Lord Samuels dio un paso hacia él quizá con la intención de lanzar un hechizo sobre Joram.

Pero el muchacho lo ignoró. Cuando hubo llegado junto a la puerta, intentó abrirla. Sin embargo, tal y como le había dicho lord Samuels, el hechizo que había puesto sobre la puerta se lo impidió. Ni siquiera consiguió atravesar con las manos la invisible e impenetrable barrera, por lo que la golpeó con los puños presa de impotente furia. Sin darse cuenta de lo que hacía, consciente únicamente de que debía salir de aquella habitación en la que se asfixiaba lentamente, Joram sacó la Espada Arcana de la funda que llevaba sujeta a la espalda y atacó con ella la puerta.

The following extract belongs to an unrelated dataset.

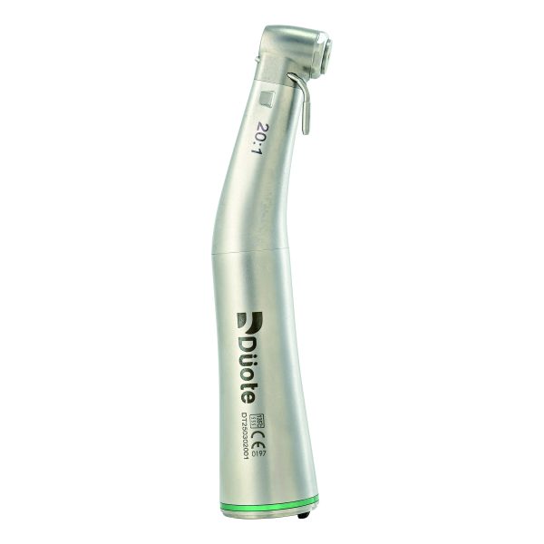 Tay khoan implant 20:1 có đèn Duote là dòng tay khoan cao cấp, được thiết kế đặc biệt để sử dụng trong phẫu thuật đặt trụ implant, hỗ trợ tối đa khi thao tác trong vùng thiếu sáng. Tay khoan trang bị đèn LED chiếu sáng trực tiếp qua fiber optic (sợi quang), giúp bác sĩ quan sát rõ vùng phẫu thuật, tăng độ chính xác khi khoan xương, mở rộng đường kính hoặc đặt abutment.
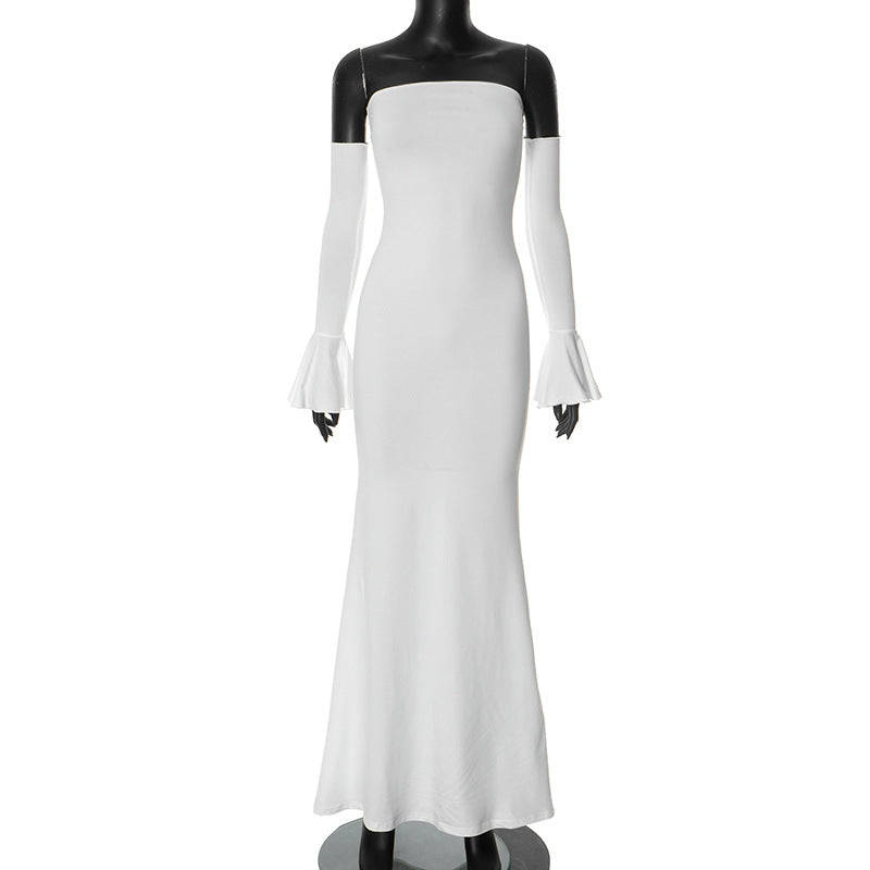 Women's Breasted Fishtail Sleeves To Repair Height Waist Dress DJPT

La espada notó que se la necesitaba; el calor que desprendía el cuerpo vivo de su amo empezó a circular por su cuerpo de metal y comenzó a absorber magia. El encantamiento que sellaba la puerta se hizo añicos lo mismo que la madera cuando la espada se estrelló contra ella. La
Theldara
empezó a chillar, lanzando un gemido agudo y estridente, mientras lord Samuels lo miraba asustado y sorprendido, incapaz de moverse hasta que empezó a sentir que las fuerzas le abandonaban, que la Vida se escapaba de su cuerpo. La Espada Arcana no seleccionaba la magia, su forjador no conocía aún totalmente todo su potencial ni cómo utilizarlo, de modo que la espada absorbía la magia de todos y de todo aquello que estuviera a su alrededor, aumentando así su propio poder. El metal empezó a brillar con una extraña luz de color blanco azulado que iluminó la habitación mientras la espada obligaba al fuego a extinguirse y hacía que las mágicas esferas de luz que había sobre la repisa de la chimenea iluminaran cada vez con menor intensidad hasta desvanecerse por completo.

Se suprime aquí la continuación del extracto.